DINWIDDIE COUNTY, Va. — Twenty years after hijackers crashed planes into the World Trade Center in New York, a woman who worked in one of the towers recalls the frantic moments when she helped her coworkers escape.
"It's something I will never forget," said Gail Menendez, who worked in the South Tower of the World Trade Center on Sept. 11. "I know what it felt like. I don't think somebody else would know how we feel."
As the world remembers the 20th anniversary of 9/11, many of those who had family members or loved ones involved in the catastrophe remember waiting for news.
"She's probably dead. I kind of braced myself for it," said Michelle Menendez Olgers, Menendez's daughter.
Menendez Olgers would wait for more than four hours before she heard her mother's voice.
"I was shocked," she said. "Again, I had just made a scenario in my head. I was braced. Obviously, I was very grateful, and I think I was still shocked."
Hours after the attack, Menendez explained how she escaped the building on that fateful day.
"I work on the 67th floor. The elevator took us to the 44th floor, and from the 44th floor, we had to walk down all these flights of stairs," she said in a 2001 television interview.
Menendez said that while making her way down the stairs, she felt the moment that the second plane hit the South Tower.
"The lights dimmed. The whole building shook, and you sort of fell forward," Menendez said. "That's something I will always remember."
Over the days, weeks and months, Menendez Olgers would slowly learn exactly what her mother experienced.
Menendez had just stepped into her office on 9/11 when she heard a yell. Over a loudspeaker, a voice told employees to shelter in place.
As a floor warden, Menendez decided to take matters into her own hands.
"I used to go to the meetings and know what to do; God forbid anything ever happen," Menendez said.
"To her credit, she contradicted the instructions on the PA system and told everybody to go," Menendez Olgers said.
Before Menendez ran, she began to scream to those around her to do the same — run, and get out.
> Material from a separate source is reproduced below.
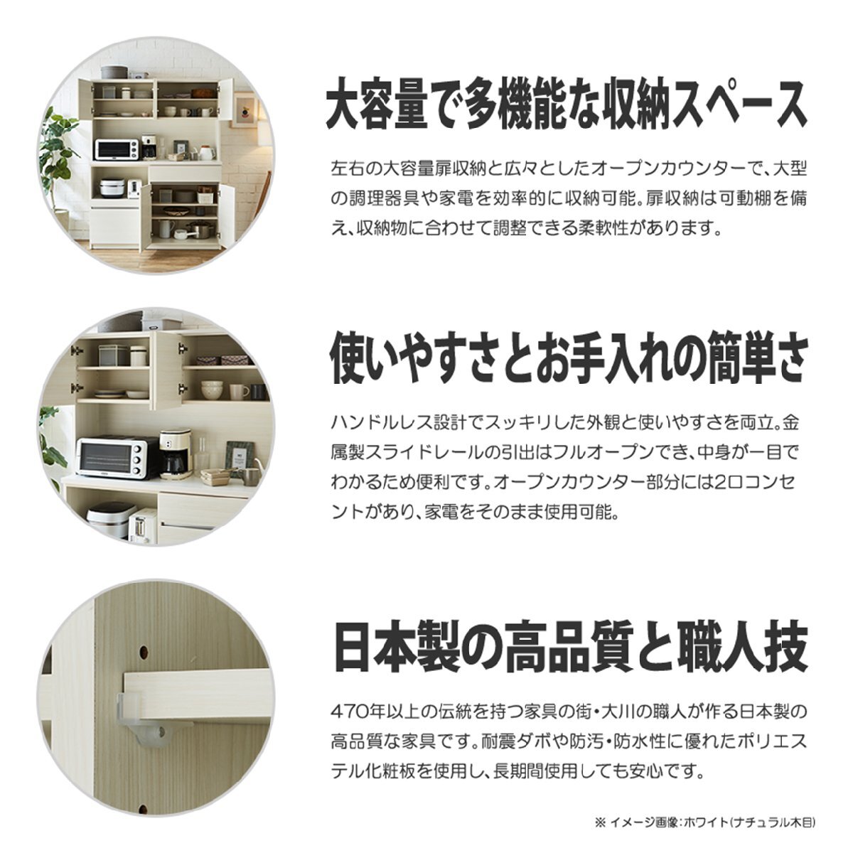 特  徴モイス付き食器棚。上台は開き扉収納、オープン収納。下台はフルスライドレール仕様のスライドカウンターと引き出し収納を備えた 日本製キッチンボード。

Menendez Olgers said that she couldn't help but feel immeasurably proud for how her mother took the time to make sure that her colleagues also made it to safety that day.
"I think in just talking to her, she really downplayed the role she was credited with by her colleagues for getting them all off the floor," she said.
And Menendez's colleagues were also quick to thank her for her quick thinking.
"Everybody came over to me, hugging me, and in my mind, I was saying, 'Are they crazy? Why are they hugging me?'" she said. "And then I'm thinking; maybe it's because I yelled 'Get out, get out,' and they made it out okay."
However, it's not those who survived who Menendez remembers from that day. She said she tries not to read, watch or listen to anything dealing with 9/11, haunted by those who lost their lives that day.
"The average person doesn't know those people I worked with, you know," Menendez said. "To them, I guess it's just another person that died. But to me, knowing some of the people in the building died, I think it's a little harder for me."
By the time she made it outside the building, she, like thousands of other people, simply started walking.
"I was living in Brooklyn at the time. I walked over the bridge; nobody's running," Menendez said.
She made it home, where she would stay for about a week.
"I didn't want to be in the house by myself. I wanted to be with other people," Menendez said.
Menendez said that besides being sensitive about the events of 9/11, she doesn't think that the events of that day changed her.
Her daughter agrees that her mom is the same and said that it might be better to remember that day from a distance with respect while moving forward with life.